Three people were shot to death in North Korea last month when they were caught watching South Korean television dramas on their mobile phones, according to a report in the Daily North Korea, a Seoul-based publication run by North Korean defectors.
They were killed to send a message to others about what happens when people "get caught up in corrupt and depraved ideologies and go against the party to watch such video content," a source claimed, citing a party official.
It was a private execution, but the news spread around the prison state.
Single-source reports about North Korean executions cannot be verified for obvious reasons, but regardless of whether the triple execution happened as described, the report of it sent the desired message: No outside media would be tolerated.
The news of the execution caused widespread anxiety, according to Daily North Korea — probably because many North Koreans have picked up a foreign broadcast on illegal free-tuning televisions and radios, or slipped a pirate movie into a cheap Chinese DVD player.
Nearly half of defectors and refugees of North Korea interviewed in 2010 and cited in a 2012 report by Intermedia, a research group for global development, said they had watched illegal foreign DVDs while still in the country. Around 25 percent had picked up foreign television and radio broadcasts.
North Korea is the second most-censored nation in the world, as rated by the NGO Committee to Protect Journalists. But beneath the tarpaulins of semi-legal market stalls, all over the country people can buy a free-tuning radio for a few dollars or a DVD player for $13. MP3 players are popular among the young who swap South Korean K-pop tunes with their friends at school, according to the report.
The three executed people were victims of a crackdown by the authorities in an attempt to warn people of accessing outside media.
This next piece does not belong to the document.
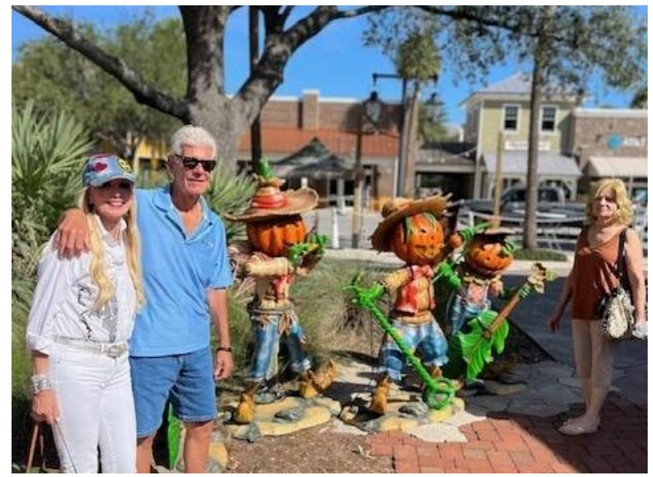
From the Villages, Florida

But despite periodic arrests, overall less people are being punished for these offenses and enforcement is irregular.
"We can pretty confidently say that people are not informing on each other the way we have heard they did in Kim Il-sung's day," Intermedia researcher Nathaniel Kretchun told Vice News.
"Due to the inconsistent, and at times arbitrary nature of who is arrested when, it would be hard to do the math on how many folks are getting arrested compared to how many are paying their way out of trouble," he added.
Foreign radio "occupies a unique space in North Korea's media environment," says Intermedia's report, because it is the only real-time source of information about the outside world and because it is the only form of media produced specifically for a North Korean audience.
There are currently three stations penetrating the mists of censorship that hang over the clandestine kingdom: the American-backed Radio Free Asia and Voice of America, and a conglomeration of South Korean media agencies known as the Unification Media Group.
The Kim Jong-un regime has taken a dim view of their efforts, recently slamming UMG as an "anti-Republic clown show of provocation," according to a report in the Daily North Korea.
As well as news and music, RFA offers defector-based programs, like "interviews with former North Korean residents who are living in the South talking about their lives and journey to freedom," service director Max Kwak told Vice News. "The content focuses on issues such as human rights, democracy, and freedom."
North Korean radios can only pick up local broadcasts, but simple alterations allow the devices to receive foreign stations. Just over a quarter of the people surveyed by Intermedia in 2010 had listened to foreign radio broadcasts, a finding the organization says has remained relatively consistent over the years.
Market traders are among the most avid listeners of foreign radio.
"News from the outside sends key [business] information," Sehyek Oh, a North Korean refugee living in Seoul, told Vice News. "Such as foreign-currency exchange rates, commodity prices … and foreign-aid arrivals, which can influence food prices."
Members of the elite are the other group most likely to tune in to foreign radio because world news may affect their jobs and businesses.
Consuming foreign media has an effect on how North Koreans view the outside world, according to Intermedia. Those who are exposed to it tend to have a more favorable attitude to South Korea and the United States.
Moreover, "broader and deeper exposure [...] appears to be counteracting some of the core messages of the North Korea propaganda apparatus and may be providing some basis for the development of counter-narratives in the minds of North Koreans," says the report.
The BBC World Service radio station might soon join RFA and the others if proposals released by the corporation go ahead. A 10-year plan announced earlier this month includes a proposal to broadcast a daily news program to North Korea on shortwave radio.
The announcement by the BBC, which came earlier this month, was welcomed by British Parliament member Fiona Bruce, cochair of the All-Party Parliamentary Group on North Korea.
"This is a hugely positive development," Bruce said in a statement.
But whether or not the plan becomes a reality depends on the BBC getting permission from the UK government. Analysts say that is highly unlikely, as it could seriously jeopardize relations with the so-called rogue state, with which the UK operates a "critical engagement" diplomatic policy.
The Foreign Office has the proposal under consideration.
The Kim regime has not yet responded to the BBC's announcement, but its reception is unlikely to be much friendlier than the hail of bullets they fired at balloons floating across the border from South Korea last year. To be fair, anti-Pyongyang leaflets were attached to the balloons.
"Of course, North Korea doesn't welcome anyone sending information into the country," Casey Lartigue, a director at Seoul-based think tank Freedom Factory, told Vice News. "That would be like Dracula allowing you to build windows in his home."